Los Presidenciables
Ya empiezan a barajarse los nombres de los posibles candidatos a la Presidencia para el 2014. Parece que es muy temprano, pero la carrera que viene no será nada fácil.
En este juego de azar, donde las reglas siempre son claras, el pueblo tiene la última palabra. Tal como ocurre en un deporte mental, se pone a prueba la inteligencia y capacidad (de los electores) para seleccionar las mejores cartas o las menos peores. Algunos escogerán según su percepción o intuición, mientras que los más experimentados y los sensatos, considerarán las probabilidades y jugarán a la defensiva, con la esperanza de lograr un buen resultado.
Hay que votar a conciencia. Hay que conocer las propuestas de los candidatos. Su trayectoria, liderazgo, logros alcanzados y méritos. Miremos su expresión corporal, su mirada, su manera de hablar y si contesta sin rodeos las preguntas de los periodistas. Si tiene que leer siempre los discursos o si habla, desarrolla y transmite sus ideas, su visión del país que desea construir, a partir de las necesidades reales.

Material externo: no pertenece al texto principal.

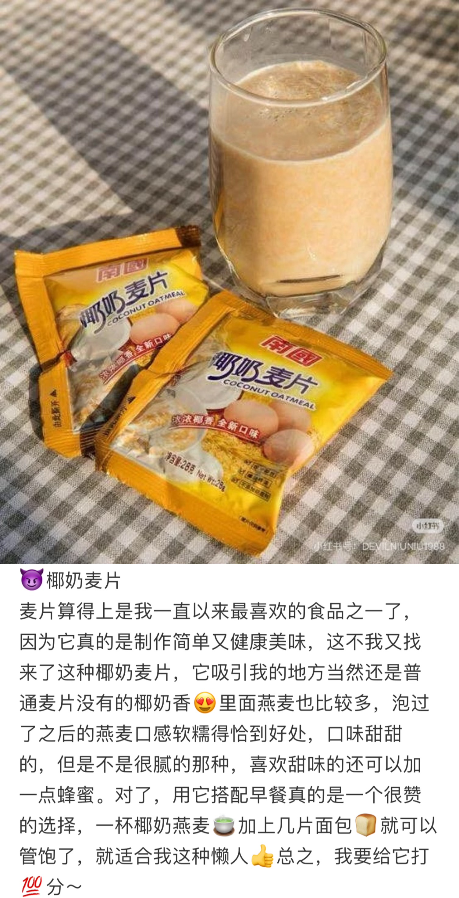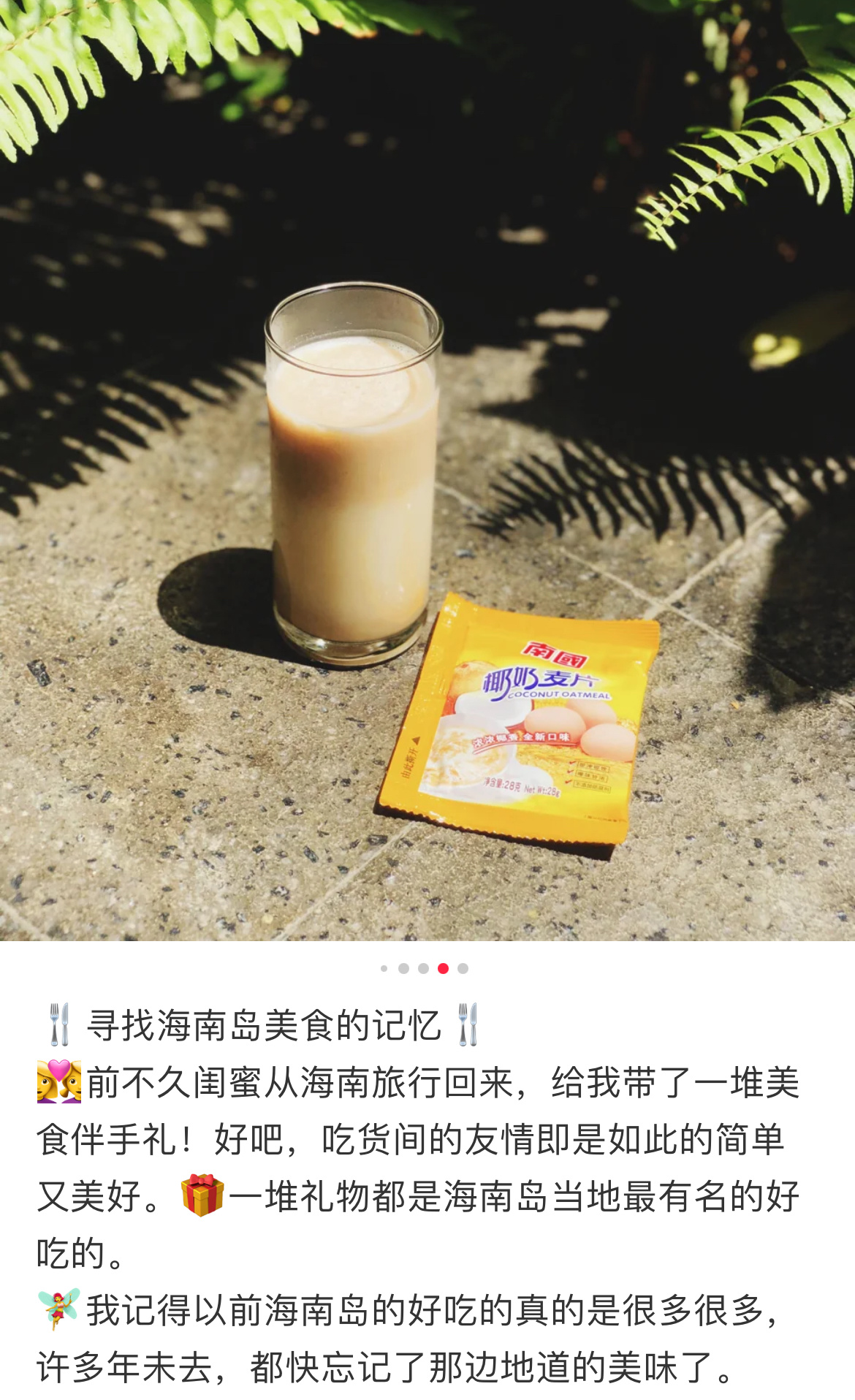 南国的新品来咯,朴实大包的椰奶麦片,将海南的椰子风情与北方的麦片精华完美融合,满满都是来自海岛的阳光与美味!是压扁的那种麦片哦,比较古早的,我妈超爱,所以试吃过的一袋我就留给她了,还有一袋去看外公外婆时,也带给他们,老人家是真爱喝!

Podemos hablar bellezas de todos los presidenciables o mencionar otros nombres que no han sonado en las encuesta y aún así no tendremos una respuesta clara sobre qué quiere la gente, porque los problemas que tenemos hoy, quizás ya no sean los temas que preocupen dentro de cuatro años.
Faltan espacios de verdadera participación ciudadana donde podamos cuestionar a los candidatos sobre los temas de interés nacional. Los medios tienen un papel importante: promover los debates y mantener el balance en sus segmentos o secciones de política, darle igual espacio o tiempo a los candidatos presidenciales.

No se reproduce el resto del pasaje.